No, as per the provisions od Companies Act 2013, an AGM shall be held on any day other than a day that is declared a national holiday. In this case, as August 15 is celebrated as Independence Day and it is declared a national holiday, the AGM can’t be held on this day.

3. What if a shareholder can’t physically attend an AGM?

Answer:

A shareholder can appoint a proxy in case he is unable to attend an AGM. The proxy does not necessarily need to be a member of the company. The proxy forms have to be submitted to the company at least 48 hours before the date of the meeting.

4. What is a Quorum and its applicability in the case of a private company?

Answer:

Quorum means the minimum number of members to be present to constitute a valid meeting. In the case of a private company, a minimum of two members are required.

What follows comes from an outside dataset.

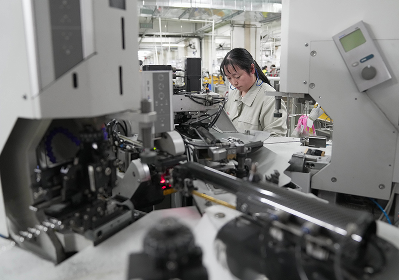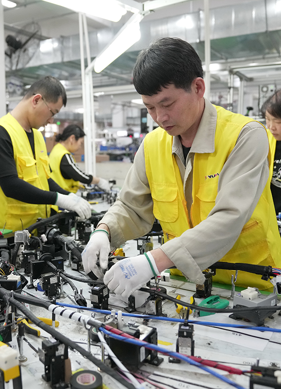 4月20日,工人在秦皇岛市海港区一家汽车电路企业的生产车间工作。
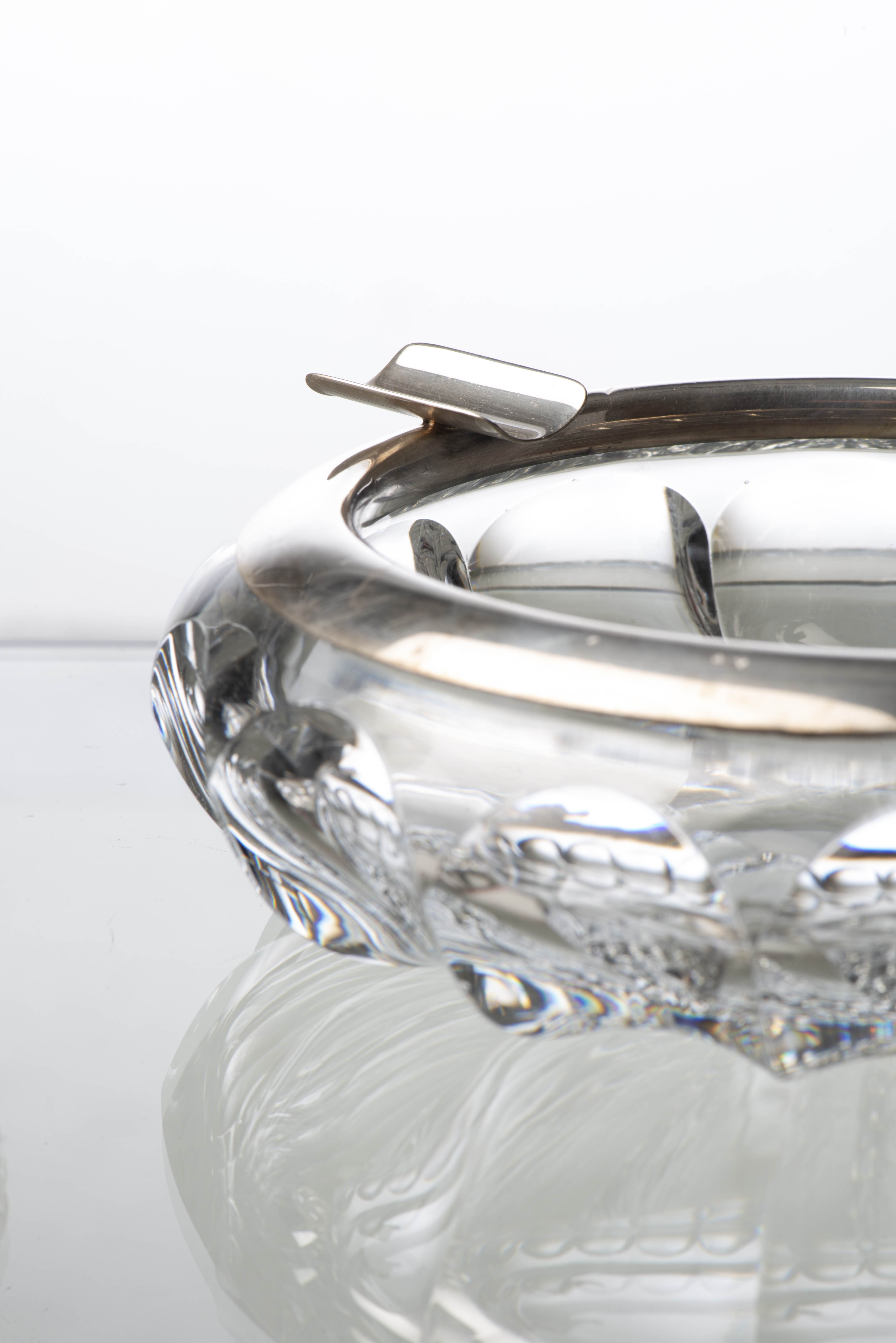 Paire de cendriers en cristal facetté et cerclage en argent .800.

5. What should be the content of the notice?

Answer:

The notice should include:

  • Venue of the meeting.
  • Day, time, and date of the meeting.
  • Agenda items are to be discussed.
  • Date of issuing the notice.
  • Signature of the convener.

6. What are the provisions related to the first AGM?

Answer:

As per the provision, for a newly incorporated company, the first AGM should be held within nine months from the closing of its first financial year. It is worth noting that a company can’t seek an extension to hold its first AGM.

7. Can a company call an AGM by sending a notice with a time limit shorter than 21 days?

Answer:

The company can call for an AGM at a notice period of less than 21 days if 95% of the shareholders give their consent to hold such a meeting. Consent may be shared in writing or electronically.